Workplace Security Policies and Examples Flashcards
Note-worthy Premises
When creating an Access Control Policy, you are not only attempting to restrict the access of individuals, but services as well.
Services must access other services in order to properly function.
Access Control Policy
Access Control Policies are instituted in regard to what personnel and which services should retain access to what information or services w/in a network.
Remote Access Policy
Defines acceptable methods of remotely connecting to the internal network.
This sort of thing is absolutely essential in large organization where networks are geographically dispersed and extend into insecure network locations (like a coffee shop’s wifi or an unmanaged home network).
Firewall Management Policy
Defines which personnel should monitor the firewall and the ways of which they should go about doing it.
Network Connection Policy
ex. “when using a company laptop, you must always connect via VPN when going online”
Password Policy
Akin to when an organization requires that you have a password w/ 8 characters that includes letters, numbers, and symbols.

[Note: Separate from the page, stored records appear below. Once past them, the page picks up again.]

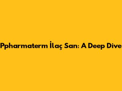 Ppharmaterm İlaç San: A Deep Dive
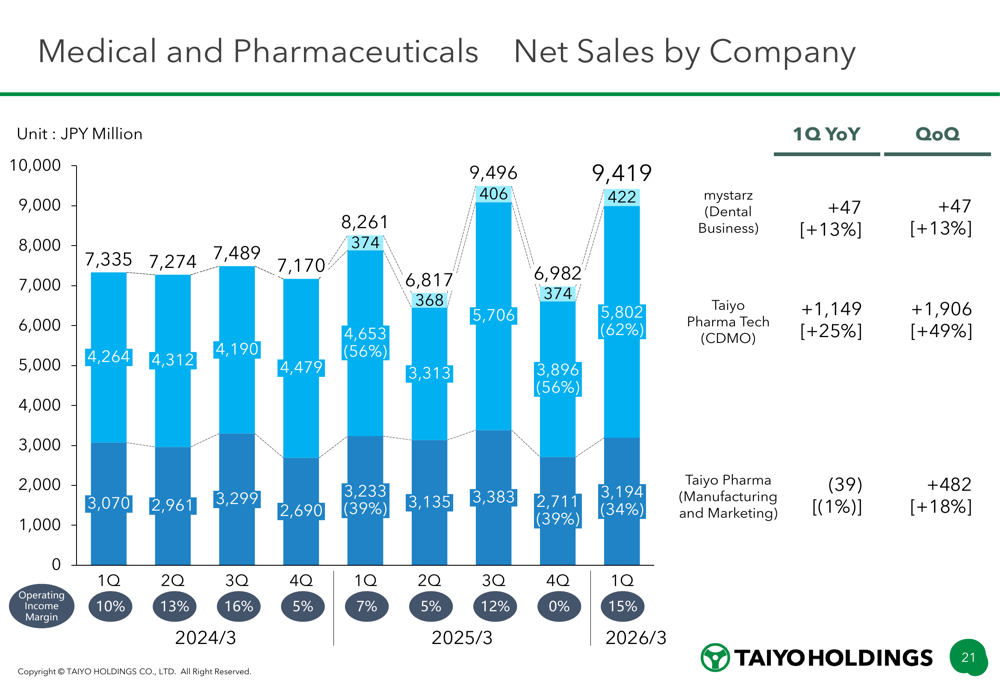 A divisão detalhada por empresa dentro deste segmento mostra um desempenho particularmente forte da Taiyo Pharma Tech, a organização de desenvolvimento e fabricação por contrato (CDMO):
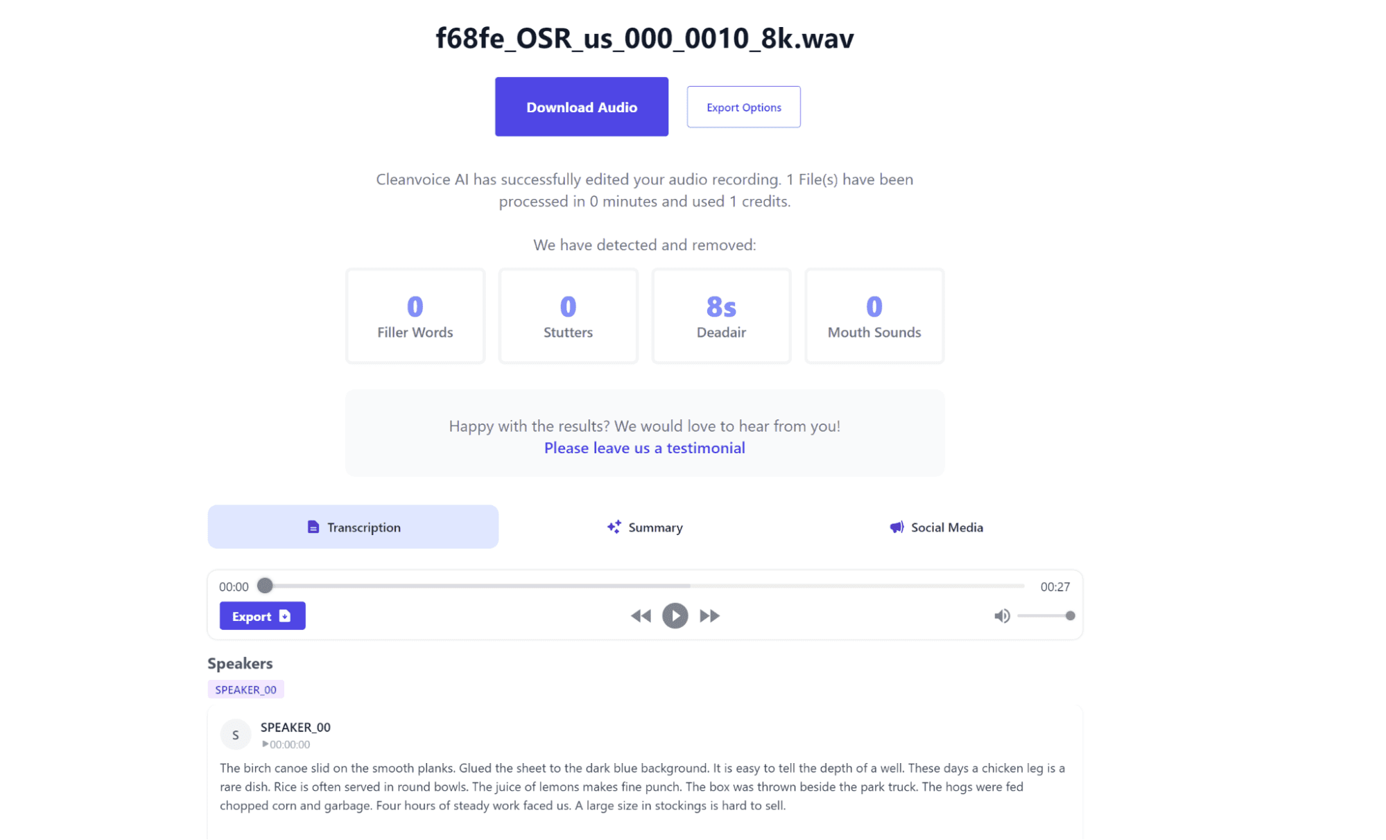 Take Cleanvoice, for example. Our AI transcription algorithm specifically detects and transcribes the spoken word in the podcast medium. It can generate accurate transcripts for full episodes in minutes. It also takes care of audio cleaning and automatically detects multiple speakers in your podcast.
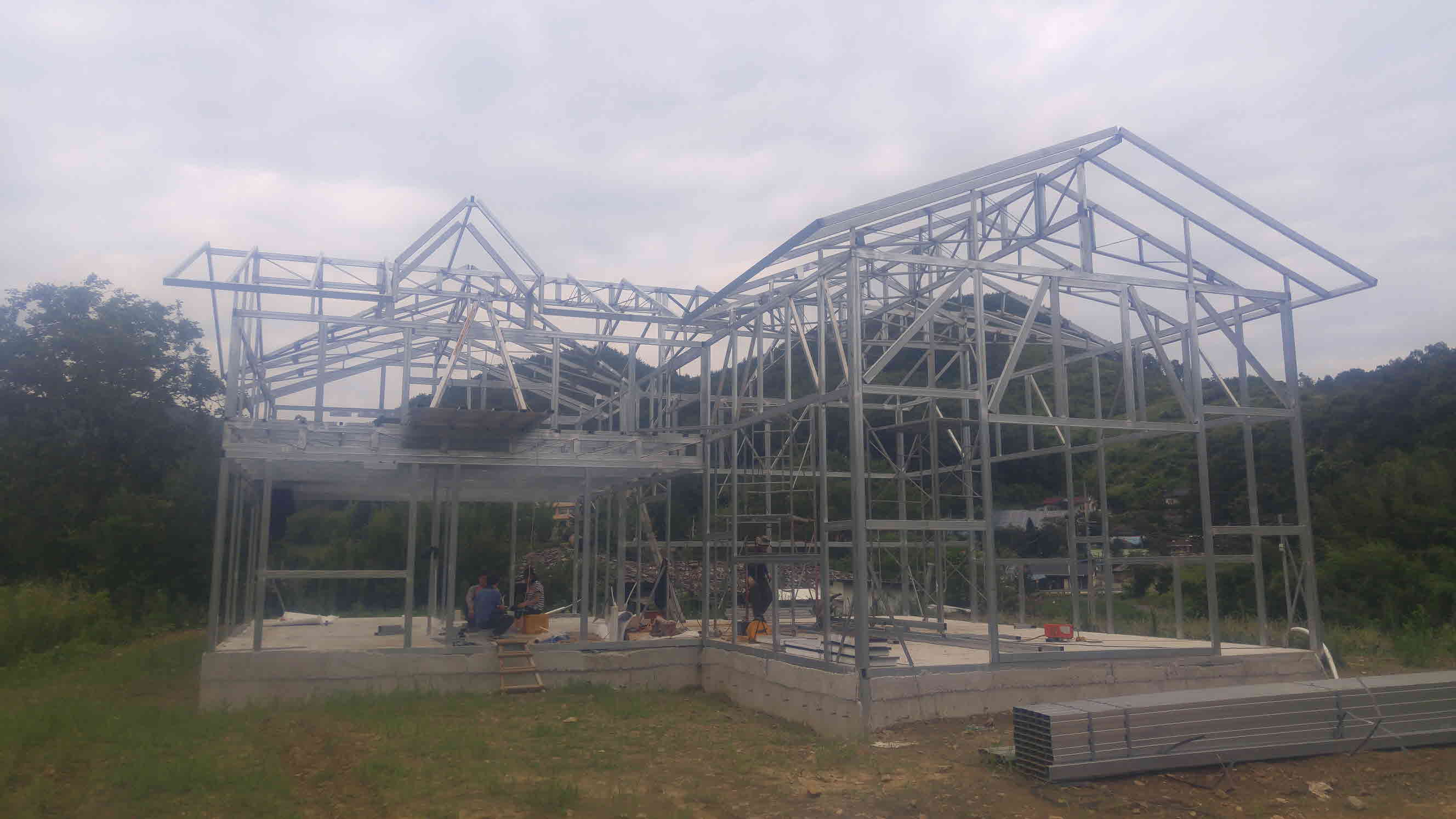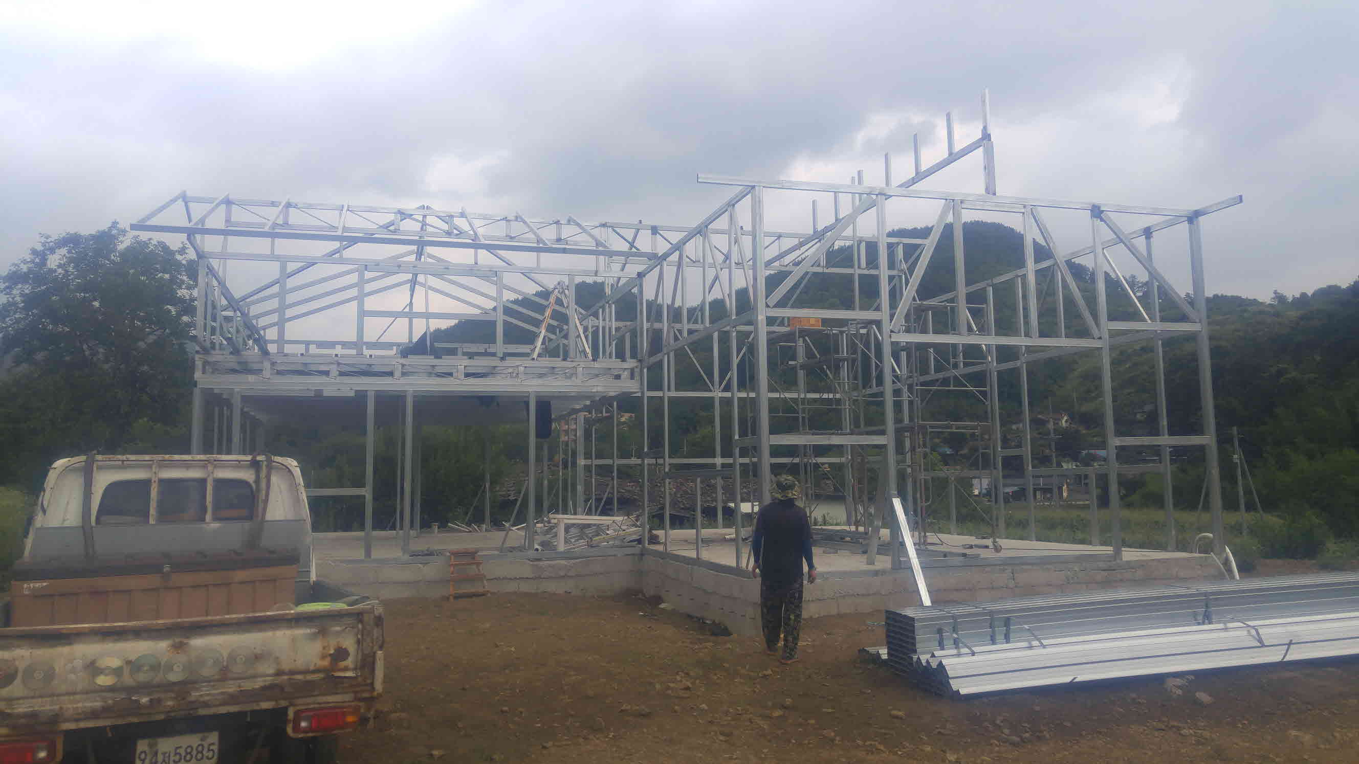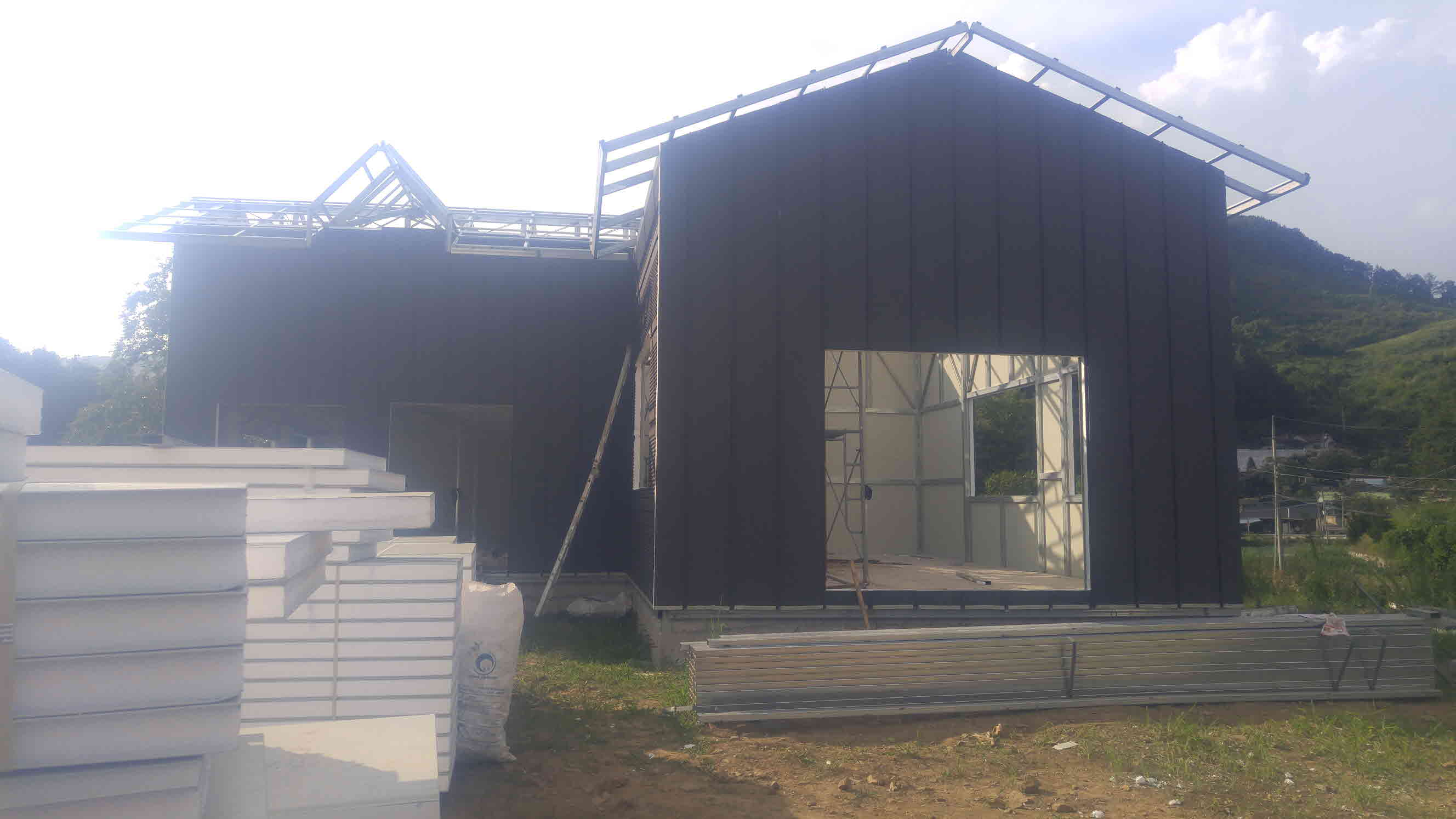 구조용 각관을 이용한 스틸구조에 패널벽 타입으로 건축을 하기로 결정하고 설계변경부터 들어갔습니다.
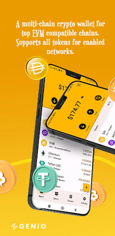 Genio Wallet - Your Secure Companion for the Modern Crypto World! You can store, send and receive Ethereum (ETH), Binance coin (BNB), Polygon (MATIC) and other cryptocurrencies including testnet tokens.
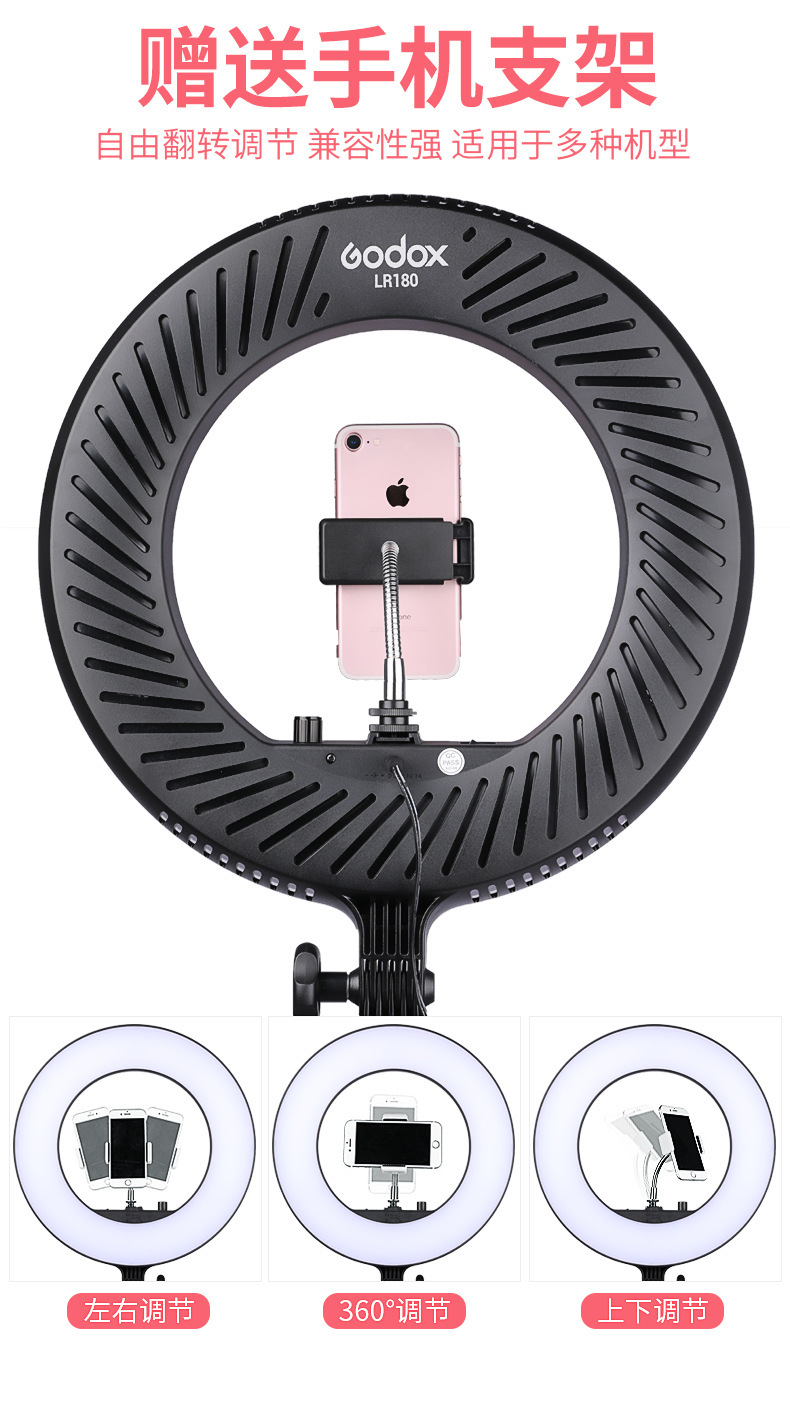 Godox LED 링 라이트 LR180 Douyin Kuaishou 인터넷 연예인 앵커 라이브 방송실 보조 조명 소프트 라이트 사진 조명

Having these sorts of requirements in place drastically decreases the likelihood of a password being cracked, being that the possible combinations become so stupidly vast.
User Account Policy
- Defines how users may be grouped up (based upon their permissions, levels of access, department, ect)
- Defines steps and requirements regarding account creation processes (also defines what permissions a user should be allowed by default once they’ve created their account)
(note this: default permissions can become a means of compromising security if not managed properly)
Information Protection Policy
- Sets the level of sensitivity for sets of information (i.e. where it lies in a list of security priorities).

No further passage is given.